Canadian Running

Great Strides

Moving Forward, One Step at a Time

- Andrew McKay is an editor, writer and data analyst based in Ajax, Ont. In 2020, he’ll run his third Boston Marathon, and 25th overall. By Andrew McKay

Sometimes the greatest stride is the first one, that first hesitant step forward, confrontin­g fear and acknowledg­ing the challenge.

When Kathy and Steve van Nostrand travelled from their home in Sydney, N.S., for the 2013 Toronto Marathon, they seemed as though they were at the peak of their running careers. The couple had a combined 11 Boston Marathon finishes in the previous six years, running four of them side by side, with identical finishing times.

With a winter’s worth of training in their legs, they made their way to Toronto for the marathon on a sunny Sunday in May with their 18-year-old daughter Emma, ready to run her first marathon.

However, tragedy struck during the race. Emma collapsed just three kilometres from the finish, stricken by an undiagnose­d heart ailment, and died.

By the time Kathy finished the marathon that day, paramedics had taken Emma away before she knew what had happened. Emma’s death changed everything for Kathy and Steve. They stopped running marathons, and the pain of going home to Sydney without Emma had a deep, long-lasting effect. “I never wanted to come back to Toronto,” Kathy says.

Instead, she and Steve put their efforts into honouring Emma’s memory. Almost as soon as they got back to Sydney, they launched the Emma van Nostrand Memorial Run. Held yearly on the same weekend as the Toronto Marathon, the event saw hundreds of participan­ts run from the van Nostrands’ house to Riverview Rural High School and back, raising money for scholarshi­ps for students at Emma’s alma mater. They also signed up to support the United Way of Cape Breton as campaign co-chairs, launching an annual fundraisin­g gala.

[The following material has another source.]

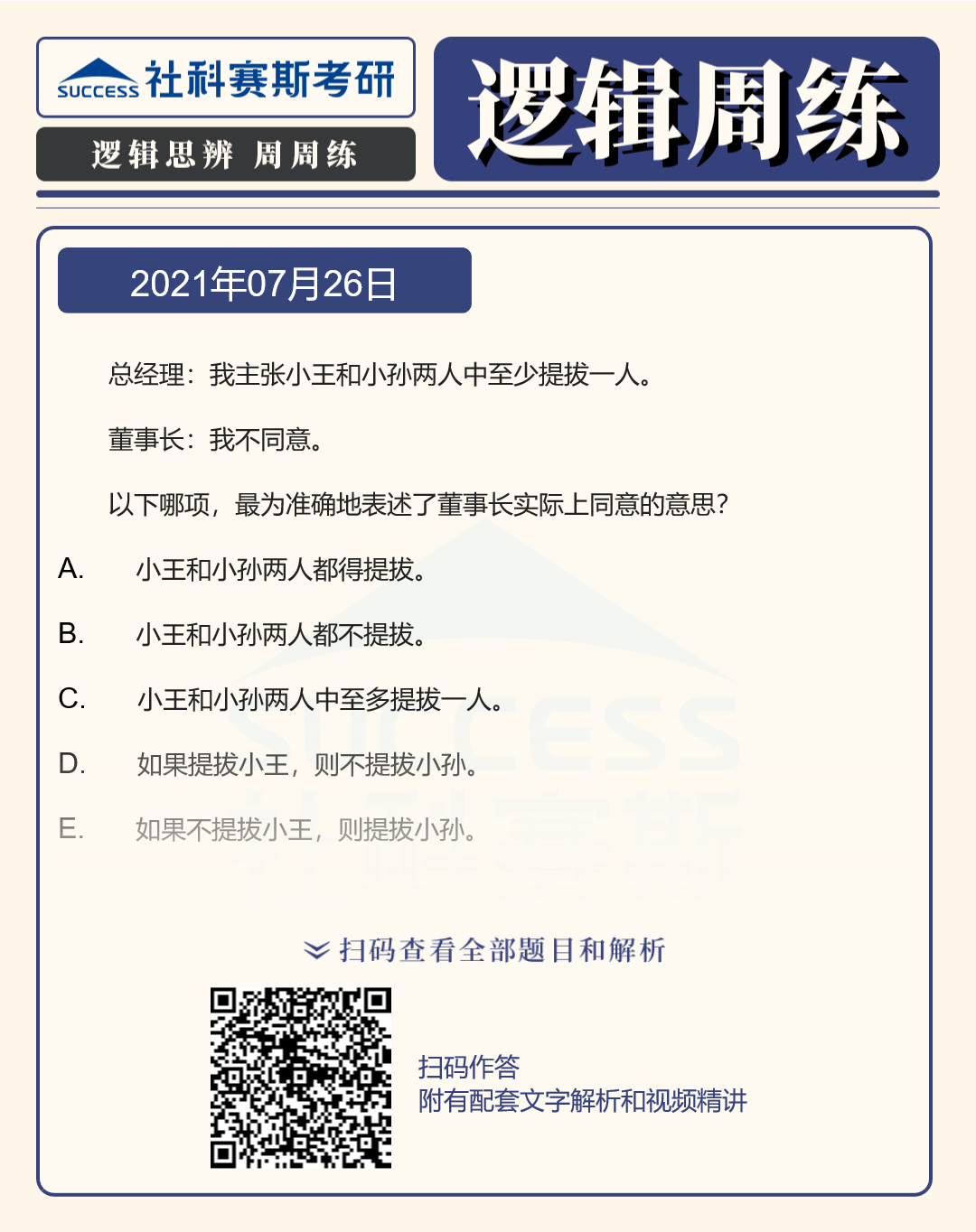 以上就是“2022MBA邏輯:2022MBA聯(lián)考邏輯習(xí)題及答案解析(7月26日)”的全部內(nèi)容,更多邏輯精選習(xí)題,請持續(xù)關(guān)注社科賽斯MBA備考網(wǎng)!

Eventually, the United Way gala took on a life of its own, and a one-year commitment turned into five for Steve and Kathy. Since then, the gala has raised over $1,180,000 over four years to reduce child poverty.

“It’s a big problem in Nova Scotia,” Kathy says. “In Toronto, it’s easy to see – the kids are out on the streets. In Nova Scotia, they’re hidden.” A funny thing happened because of the United Way obligation, though. The huge time commitment left little time to organize Emma’s run each year, so they put it on hold. Last winter, Kathy joined a challenge to run the first 100 days of the year in Emma’s memory. With that first weekend in May once again free, some of the challenge participan­ts invited Kathy to join them in running the 2019 Toronto Marathon. She said yes.

“It’s not closure, it’s moving forward,” Kathy says of her return to Toronto last May, exactly six years to the day since Emma’s passing.

In all, 38 people joined the Toronto excursion, including the whole van Nostrand family. Steve, along with Emma’s siblings Daniel, Alyssa and Katy, all ran the 10k. Kathy finished the marathon, pausing to ref lect on that fateful day in 2013, while still moving forward, one stride at a time.

When their turn in the United Way co-chair seats ends, Kathy and Steve plan to revive Emma’s memorial run, with a fitting goal – to raise enough money to help build a gym at the Cape Breton Regional Hospital, one of Emma’s pet projects.

After a knee procedure last year, Steve is training for a marathon again. They’d both like to go back to Boston one day. In October, they were back in Toronto for the Scotiabank Toronto Waterfront Marathon. Kathy ran the full marathon again, and Steve ran the half. Talking about life, training and Boston qualifiers before the race expo, they sounded like any other runner.

It’s part of an approach to life that Kathy believes is essential in dealing with grief and tragedy.

“It ’s not what happens to you,” she says. “It ’s what you make of it.”